— Activity —
Starting at the first line of the listing below, retype each line up to and including the one that contains "Bring the finer". Leave pictures out.

— Stored data —

Start of Block

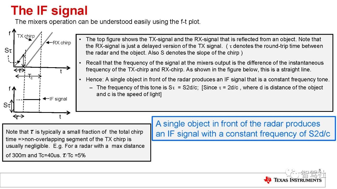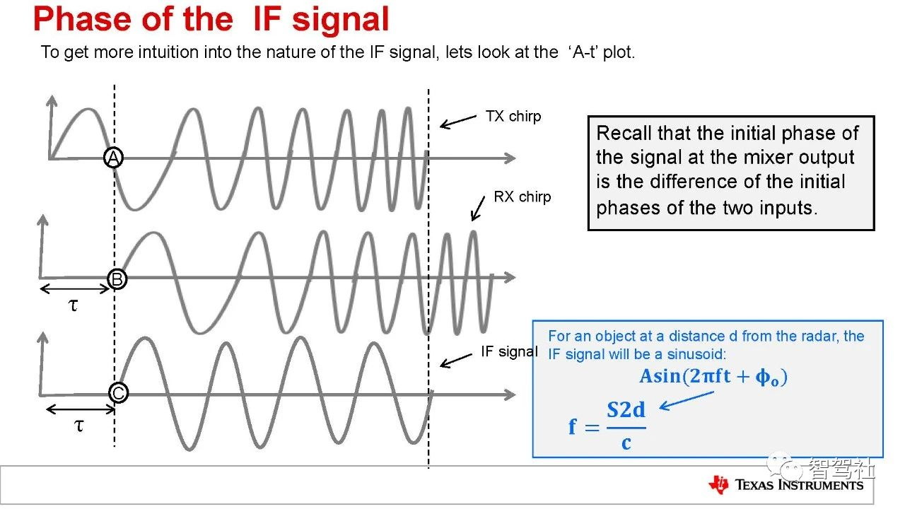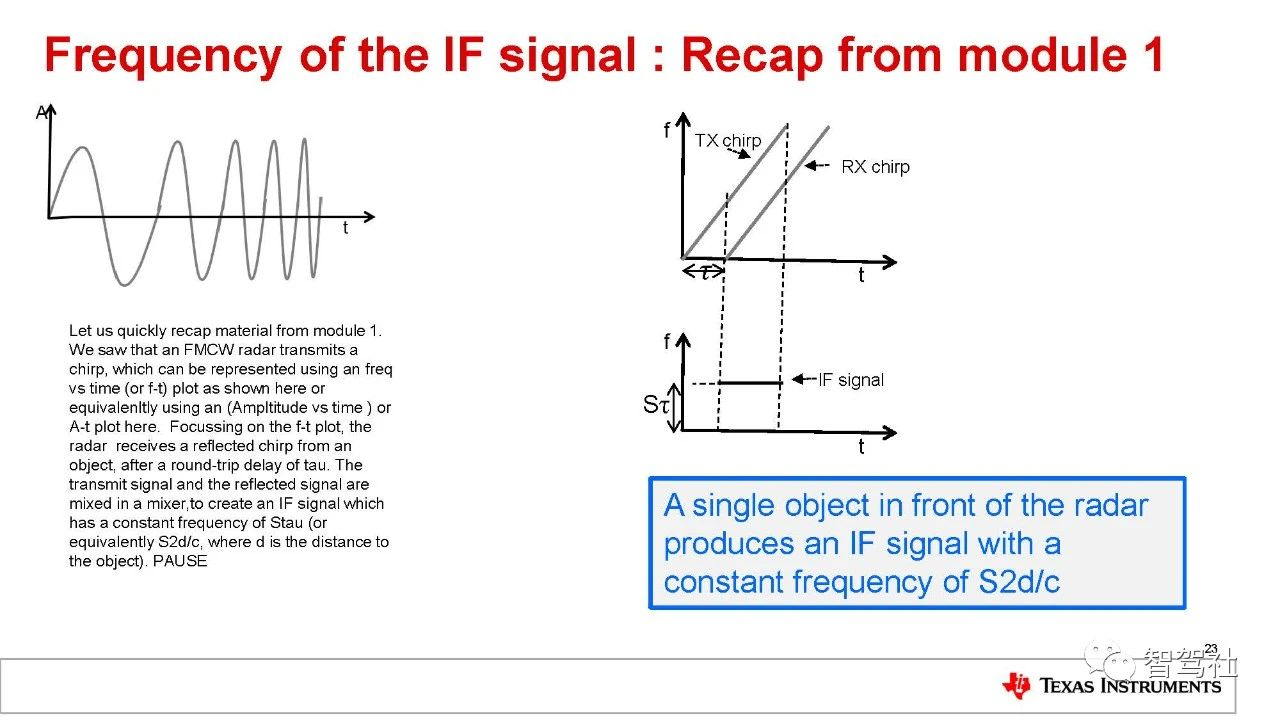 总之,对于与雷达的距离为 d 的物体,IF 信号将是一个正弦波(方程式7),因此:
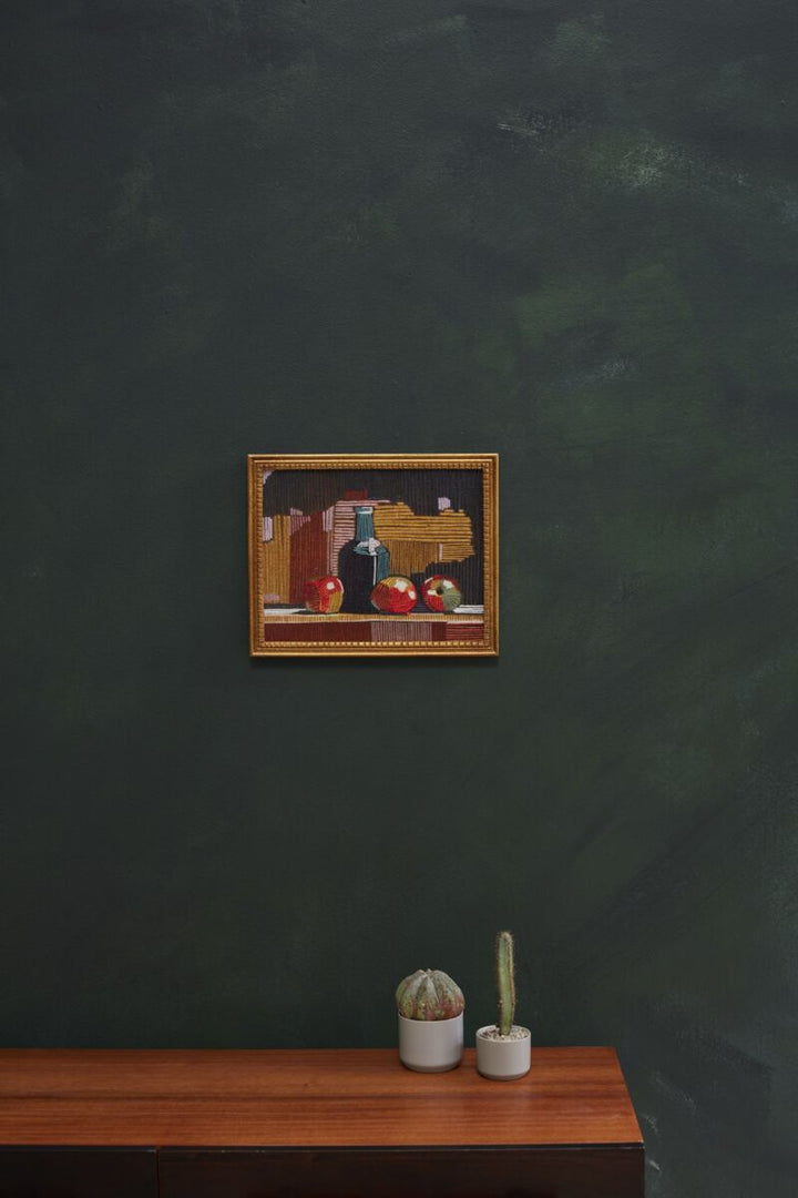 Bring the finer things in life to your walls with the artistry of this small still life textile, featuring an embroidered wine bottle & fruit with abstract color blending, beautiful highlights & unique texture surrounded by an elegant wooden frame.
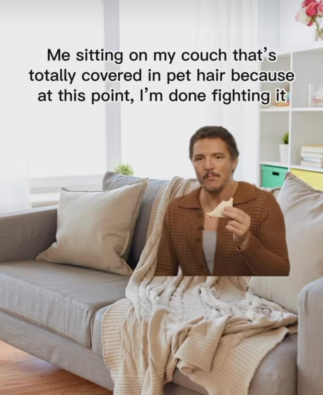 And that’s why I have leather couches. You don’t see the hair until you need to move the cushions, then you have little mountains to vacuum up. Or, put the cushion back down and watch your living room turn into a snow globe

End of Block

— Task answer —
 总之,对于与雷达的距离为 d 的物体,IF 信号将是一个正弦波(方程式7),因此:
 Bring the finer things in life to your walls with the artistry of this small still life textile, featuring an embroidered wine bottle & fruit with abstract color blending, beautiful highlights & unique texture surrounded by an elegant wooden frame.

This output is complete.